Principal Component Analysis (PCA)
PCA is a linear dimensionality reduction technique that identifies the principal components capturing the most significant variance in the data. It transforms the original features into a new coordinate system aligned with these principal components.
Python
# Importing required libraries
import numpy as np
from sklearn.datasets import load_iris
from sklearn.decomposition import PCA
import matplotlib.pyplot as plt
# Load Iris dataset
data = load_iris()
X, y = data.data, data.target
# Applying PCA to reduce data to 2 dimensions
pca = PCA(n_components=2)
X_pca = pca.fit_transform(X)
# Visualizing the reduced data
plt.scatter(X_pca[:, 0], X_pca[:, 1], c=y, cmap=’viridis’)
plt.title(‘PCA: Iris Dataset’)
plt.xlabel(‘Principal Component 1’)
plt.ylabel(‘Principal Component 2’)
plt.show()
t-Distributed Stochastic Neighbor Embedding (t-SNE).
t-SNE is a non-linear dimensionality reduction technique particularly useful for visualization purposes.
It focuses on preserving local structures, making it excellent for revealing clusters and patterns in high-dimensional data.
Python
# Importing required libraries
import numpy as np
from sklearn.datasets import load_iris
from sklearn.manifold import TSNE
import matplotlib.pyplot as plt
# Load Iris dataset
data = load_iris()
X, y = data.data, data.target
# Applying t-SNE to reduce data to 2 dimensions
tsne = TSNE(n_components=2, random_state=42)
X_tsne = tsne.fit_transform(X)
# Visualizing the reduced data
plt.scatter(X_tsne[:, 0], X_tsne[:, 1], c=y, cmap=’viridis’)

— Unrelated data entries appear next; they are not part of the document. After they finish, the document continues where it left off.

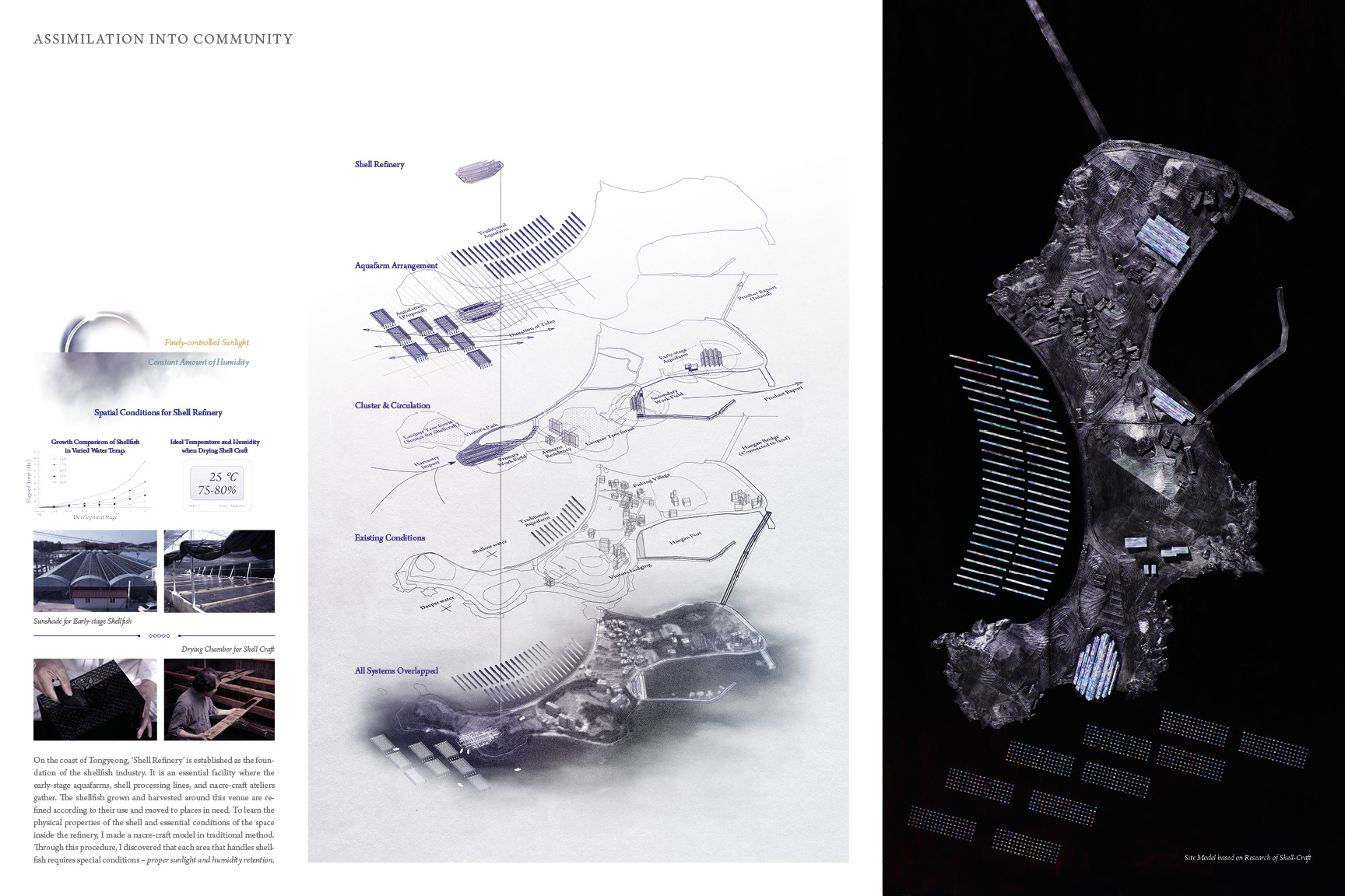 To learn the physical properties of the shell and essential conditions of the space inside the refinery, I made a nacre-craft model in traditional method. Through this procedure, I discovered that each area that handles shellfish requires special conditions – proper sunlight and humidity retention.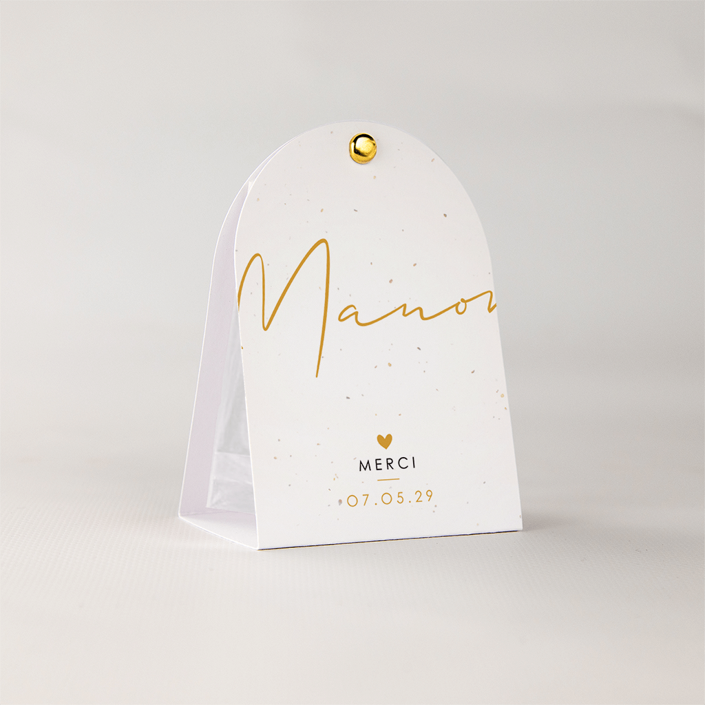 • Les deux faces peuvent être fermées à l'aide d'une attache parisienne et la boîte à dragées peut être complétée d'un sachet transparent pour les dragées.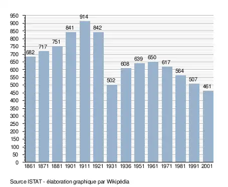 - ↑ (it) Popolazione residente e bilancio demografico sur le site de l'ISTAT.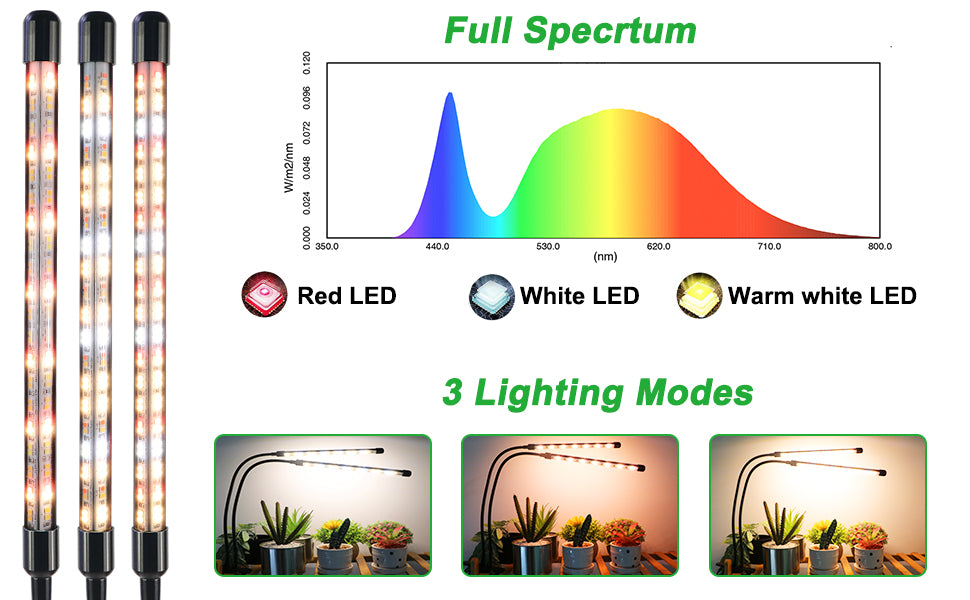 🌼【Newest full spectrum】 Niello Growing Light contains 160 pieces of LEDs (32 pieces 5000k white + 100 pieces 3000k warm white + 28 pieces 660 nm red). It emits all wavelengths from 380 nm to 800 nm - just like natural sunlight. The full spectrum is the most effective spectrum to support all stages of plant growth. Grow light promotes photosynthesis, germination, flowering and fruiting.

plt.title(‘t-SNE: Iris Dataset’)
plt.xlabel(‘t-SNE Component 1’)
plt.ylabel(‘t-SNE Component 2’)
plt.show()
Anomaly Detection Techniques
Anomaly detection is the process of identifying rare and abnormal instances in a dataset, which may indicate potential fraudulent activities or system malfunctions. Two commonly used anomaly detection techniques are Isolation Forest and Autoencoders.
Isolation Forest
The Isolation Forest algorithm separates anomalies by randomly selecting features and partitioning data points into isolation trees. Anomalies will be isolated with a shorter average path length compared to normal data points.
Python
# Importing required libraries
import numpy as np
from sklearn.datasets import make_classification
from sklearn.ensemble import IsolationForest
import matplotlib.pyplot as plt
# Generate synthetic data
X, _ = make_classification(n_samples=300, n_features=2, n_informative=2, n_redundant=0, random_state=42)
# Creating Isolation Forest model
isolation_forest = IsolationForest(contamination=0.1, random_state=42)
# Fitting the model to the data
isolation_forest.fit(X)
# Predicting anomalies
y_pred = isolation_forest.predict(X)
# Visualizing anomalies
plt.scatter(X[:, 0], X[:, 1], c=np.where(y_pred == -1, ‘red’, ‘blue’))
plt.title(‘Isolation Forest: Anomaly Detection’)
plt.xlabel(‘Feature 1’)
plt.ylabel(‘Feature 2’)
plt.show()
Autoencoders
Autoencoders are neural network models used for unsupervised learning of efficient data representations. The encoder network compresses the input data into a lower-dimensional representation, while the decoder network attempts to reconstruct the original data from this compressed representation.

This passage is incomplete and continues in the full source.